In the Bene Gesserit ritual known as the spice agony, an acolyte ingests an "illuminating poison" called the Water of Life which, if the initiate survives the ordeal, unlocks these Other Memories. These ego-personalities reside in the background of consciousness, but may be accessed to provide unique knowledge and insight. However, the memories unleashed in this ritual are always of female ancestors; access to the male line is unique to the pre-born, and theoretically to a specially-bred male known as the Kwisatz Haderach.

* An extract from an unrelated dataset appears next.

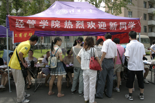 8月22日一大早,清华紫荆学生公寓区操场附近的大道上,大红的气球和鲜亮的彩旗随风轻扬,偌大的红色拱门上清晰地写着“热烈欢迎新同学”的标语。设在大道最西侧的清华经管迎新站,将迎来226名来自全国各地的本科新生到校报到。
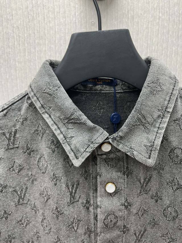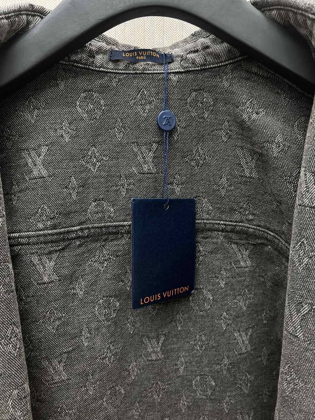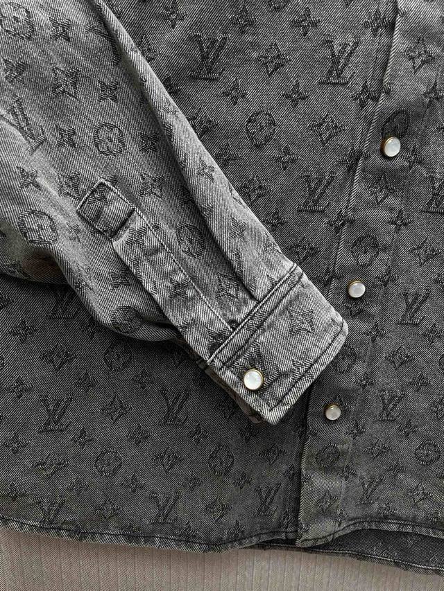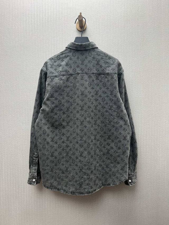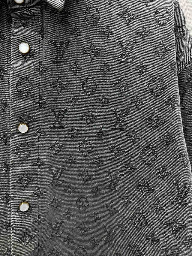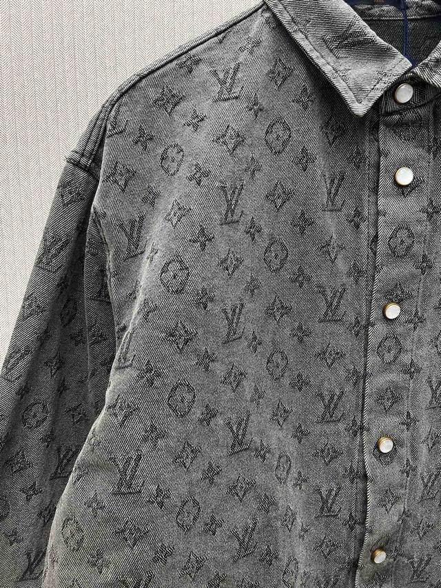Louis Vuitton's new runway denim shirt is dazzling and makes daytime looks stand out. The shirt jacket is made of denim with an all-over Monogram jacquard print. High-quality unisex style. Sizes: S, M, L, XL.

The equally unique danger is that, because an unborn child has not yet developed a strong personal identity, the in utero exposure to Other Memory makes that individual highly susceptible to becoming possessed by the personality of one of their ancestors. Called an Abomination by the Bene Gesserit, a child born this way is always killed whenever possible. Unlike Alia, Ghanima never succumbs to Abomination; her mind is ultimately guarded from possession by the memories of her mother Chani.

Ghanima has a very close relationship with Leto; they work together to create the Golden Path, a plan to avoid humanity's almost inevitable future destruction. She supplies her fertile creativity to the details of the plan, and even ensures its success by performing a ritual to make herself believe that Leto is killed by Laza tigers, when in reality Leto is searching the desert for Jacurutu. Her memories are restored when Leto speaks to her the key words, "Secher Nbiw", i.e. "The Golden Path" translated into Middle Egyptian.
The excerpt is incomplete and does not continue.